* [Exercise brief]:
The copy should hold exactly the lines below from the one that contains "快訊/爆發8.0強震!氣象署發布「海嘯警報!」" through the one that contains "5月25日周四下午,我校大学" and nothing else, so no pictures.

* [Data for review]:
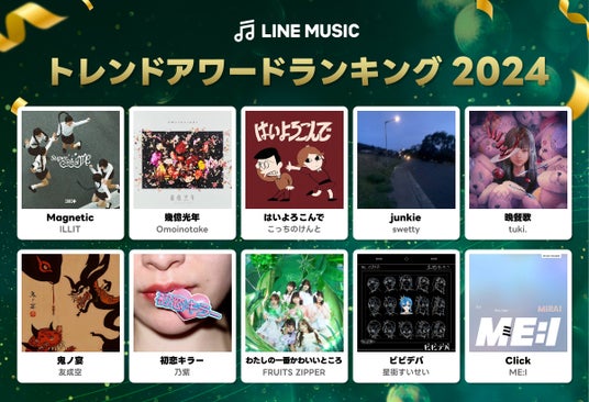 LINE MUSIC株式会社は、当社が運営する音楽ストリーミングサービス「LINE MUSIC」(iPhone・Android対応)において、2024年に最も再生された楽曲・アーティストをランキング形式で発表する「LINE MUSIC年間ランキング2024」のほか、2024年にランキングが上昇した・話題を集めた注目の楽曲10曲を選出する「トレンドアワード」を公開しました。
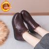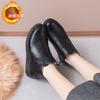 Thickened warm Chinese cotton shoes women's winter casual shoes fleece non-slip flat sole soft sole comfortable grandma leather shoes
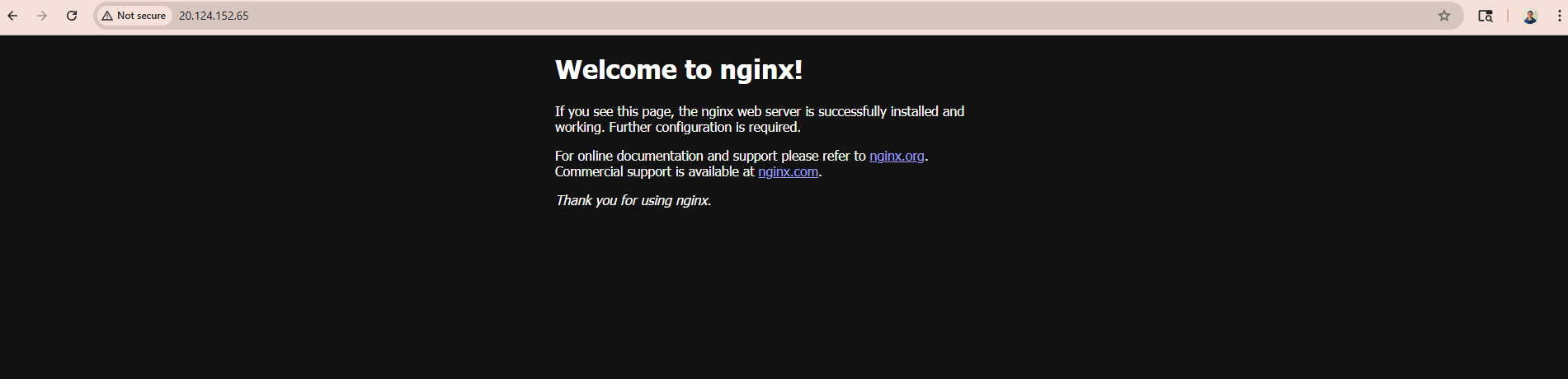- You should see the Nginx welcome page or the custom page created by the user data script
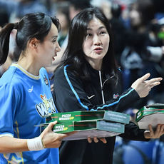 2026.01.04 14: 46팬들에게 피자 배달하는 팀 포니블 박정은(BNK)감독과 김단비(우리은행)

--

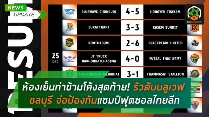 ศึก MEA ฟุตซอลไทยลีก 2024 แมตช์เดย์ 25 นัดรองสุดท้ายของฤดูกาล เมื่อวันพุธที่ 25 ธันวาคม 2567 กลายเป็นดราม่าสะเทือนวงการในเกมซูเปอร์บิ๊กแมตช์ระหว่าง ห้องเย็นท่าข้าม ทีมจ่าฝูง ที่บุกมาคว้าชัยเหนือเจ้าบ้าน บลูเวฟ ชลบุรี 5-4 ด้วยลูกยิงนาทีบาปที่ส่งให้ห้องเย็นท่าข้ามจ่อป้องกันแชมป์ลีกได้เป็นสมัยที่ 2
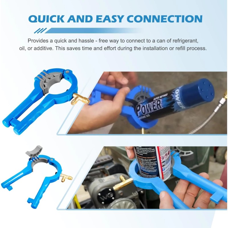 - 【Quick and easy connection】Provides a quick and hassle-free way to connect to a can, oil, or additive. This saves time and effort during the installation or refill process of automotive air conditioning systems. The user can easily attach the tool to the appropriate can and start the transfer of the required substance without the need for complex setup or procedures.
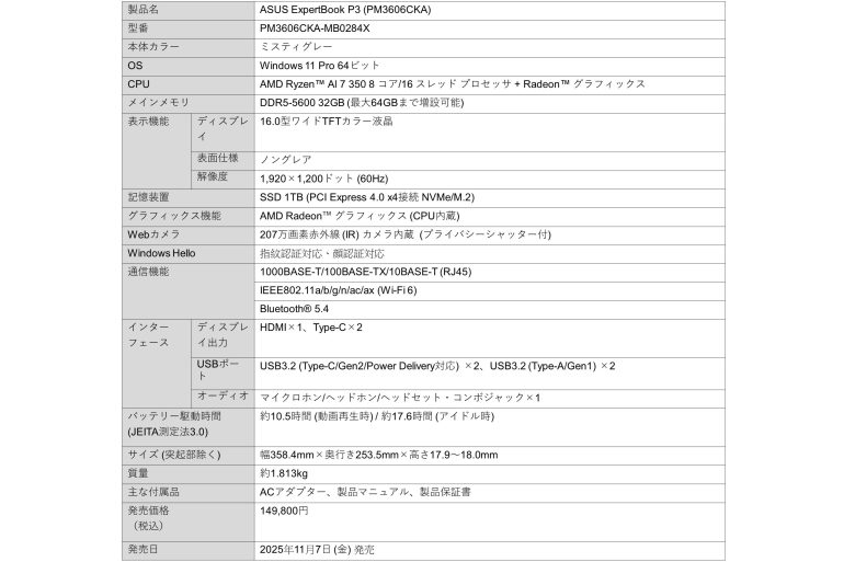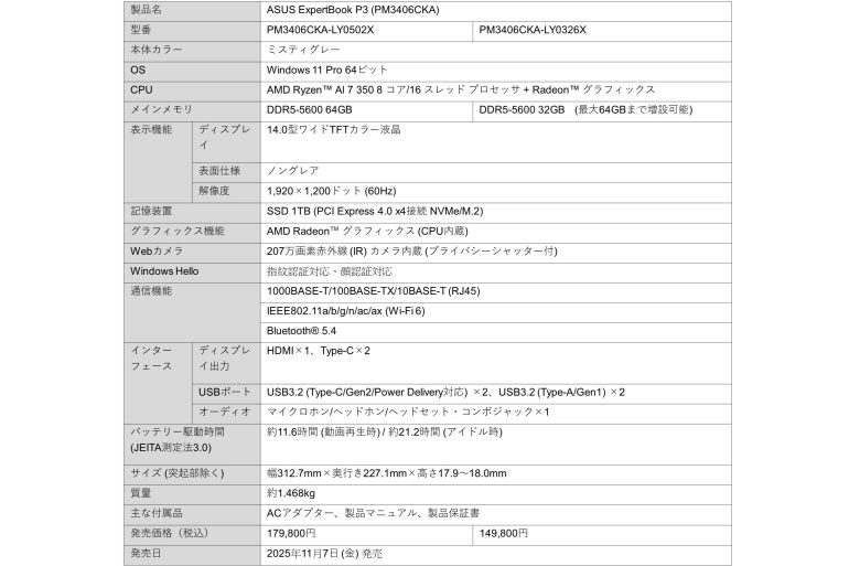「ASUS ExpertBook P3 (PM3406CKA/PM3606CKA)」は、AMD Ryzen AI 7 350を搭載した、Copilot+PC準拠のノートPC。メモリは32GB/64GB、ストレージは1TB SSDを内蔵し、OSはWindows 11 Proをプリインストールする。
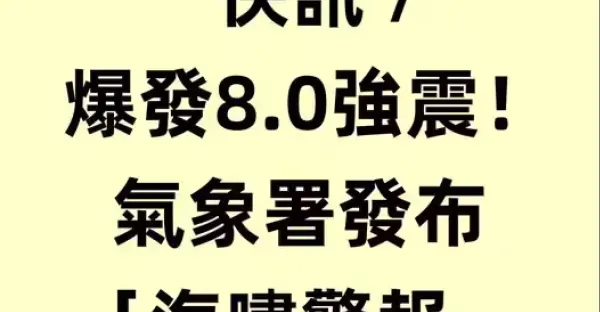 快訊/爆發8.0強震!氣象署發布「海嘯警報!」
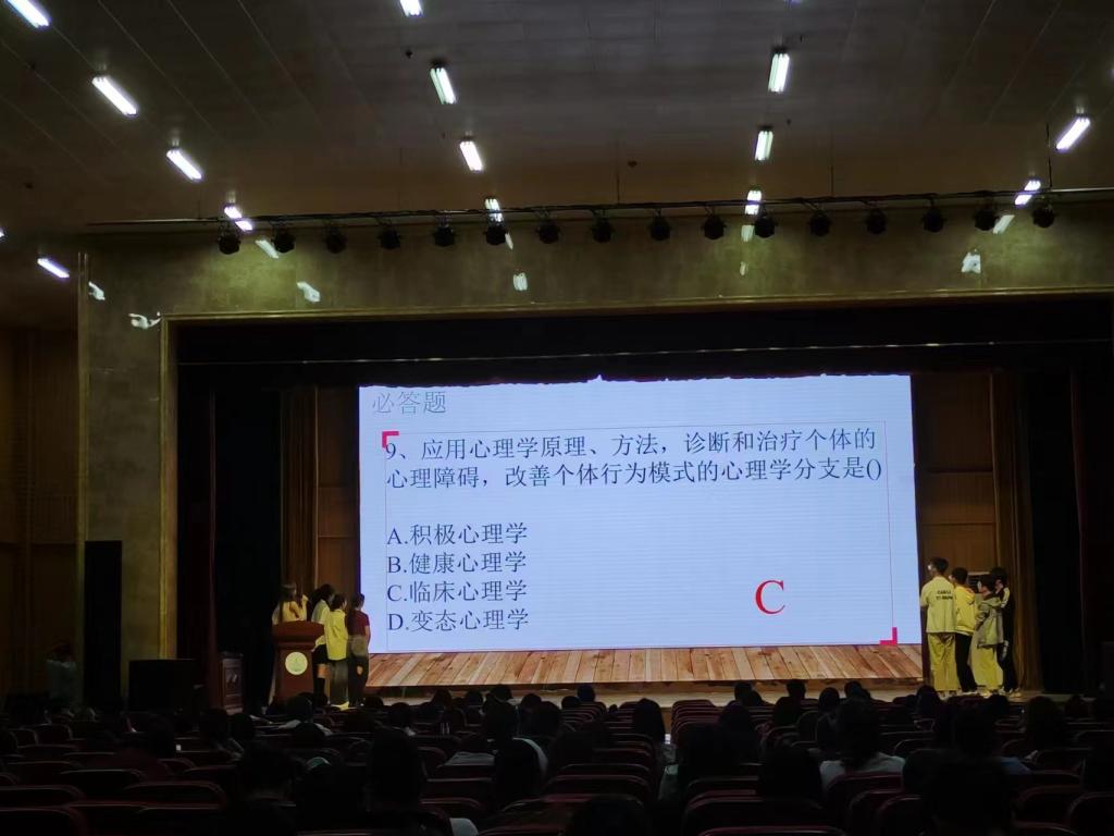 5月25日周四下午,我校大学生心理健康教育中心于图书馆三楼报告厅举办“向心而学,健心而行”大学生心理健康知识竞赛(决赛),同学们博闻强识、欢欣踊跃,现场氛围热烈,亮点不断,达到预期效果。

* [Response to the exercise]:
 快訊/爆發8.0強震!氣象署發布「海嘯警報!」
 5月25日周四下午,我校大学生心理健康教育中心于图书馆三楼报告厅举办“向心而学,健心而行”大学生心理健康知识竞赛(决赛),同学们博闻强识、欢欣踊跃,现场氛围热烈,亮点不断,达到预期效果。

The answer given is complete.